Problem Statement
In this task, we have a unique data structure called a linked list where each node not only points to the next node in sequence via the next
pointer, but also has an additional random
pointer. This random
pointer can link to any node within the list (or to none at all, i.e., null
).
The challenge stems from needing to create a deep copy of this linked list. A deep copy involves generating entirely new nodes that replicate the value
and the pattern of next
and random
connections of the original list. Unlike a shallow copy, where the copy might still contain references to original pieces, each node and linkage in a deep copy stands alone and independent of the original dataset.

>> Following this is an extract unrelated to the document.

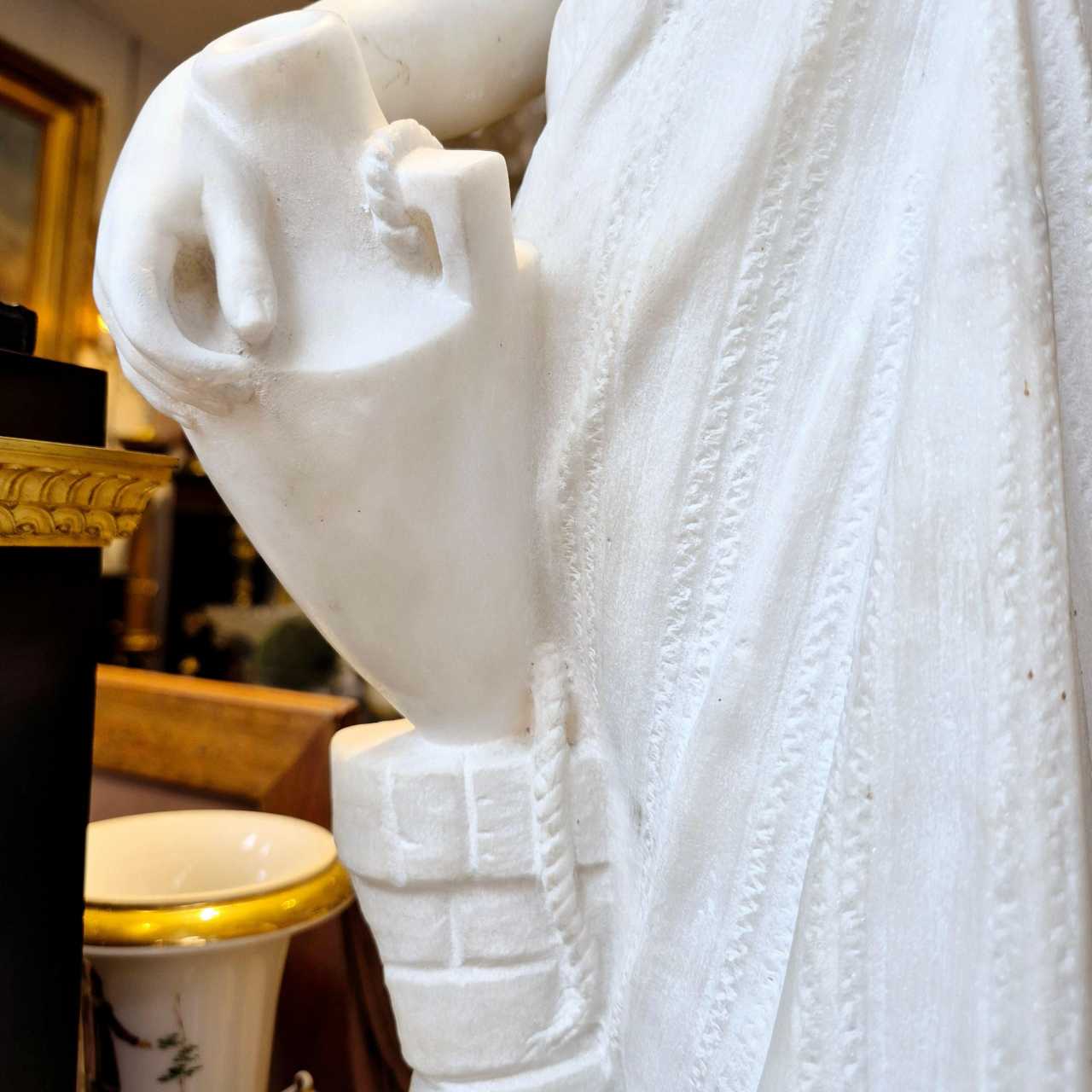 Charming sculpture of a young woman carrying a jug, signed by Bonnal on the back and inspired by “Rebecca at the Well” by 19th-century Italian School artist Guglielmo Pugi.The sculpture in fine white Carrara marble, created between the end of the 19ᵉ century and the beginning of the 20ᵉ century, depicts a pensive, lascivious young woman dressed in the fashion of the turn of the century: she wears a turban from which escapes curls of hair and a bracelet characteristic of the period; the cut of her dress is also very elaborate for a simple peasant woman. The finely embroidered motifs on the dress and turban are further evidence of the sculptors mastery.A delicate, feminine piece that will look great in a hallway or on a dressing table, and will make a lovely gift for an aesthete woman.Guglielmo Pugi lived in Florence, where he ran a sculpture workshop with his two sons. Their workshop, “Guglielmo Pugi e Figli”, was mainly dedicated to exports, particularly to the United States. Guglielmo Pugis work, emblematic of the Art Nouveau style, is characterized by direct carving in alabaster and Carrara marble (often white or veined).Some of his sculptures are now housed in Volterras Historical Alabaster Museum. Many of his works were shown at major international exhibitions, such as the 1901 Pan-American Exposition in Buffalo and the 1904 Exposition Universelle in Saint-Louis.

This problem calls for precision in handling pointers, particularly ensuring that the new list's random
pointers correlate directly with the new corresponding nodes, not the initial ones. Therefore, the outcome should maintain both the sequence (next
pointers) and the random
relationships, without retaining any references to the original list nodes.
Examples
Example 1
Input:
head = [[7,null],[13,0],[11,4],[10,2],[1,0]]
Output:
[[7,null],[13,0],[11,4],[10,2],[1,0]]
Example 2
Input:
head = [[1,1],[2,1]]
Output:
[[1,1],[2,1]]
Example 3
Input:
head = [[3,null],[3,0],[3,null]]
Output:
[[3,null],[3,0],[3,null]]
Constraints
0 <= n <= 1000
-104 <= Node.val <= 104
Node.random
isnull
or is pointing to some node in the linked list.
Approach and Intuition
To tackle the problem of creating a deep copy of a linked list with both next
and random
pointers, consider the following approach, drawn from the provided examples and constraints:
Iterative Relation Establishment with Mapping:
- Initialize a hashmap to track and relate original nodes to their respective clones. This data structure will expedite access and prevent the recreation of already copied nodes.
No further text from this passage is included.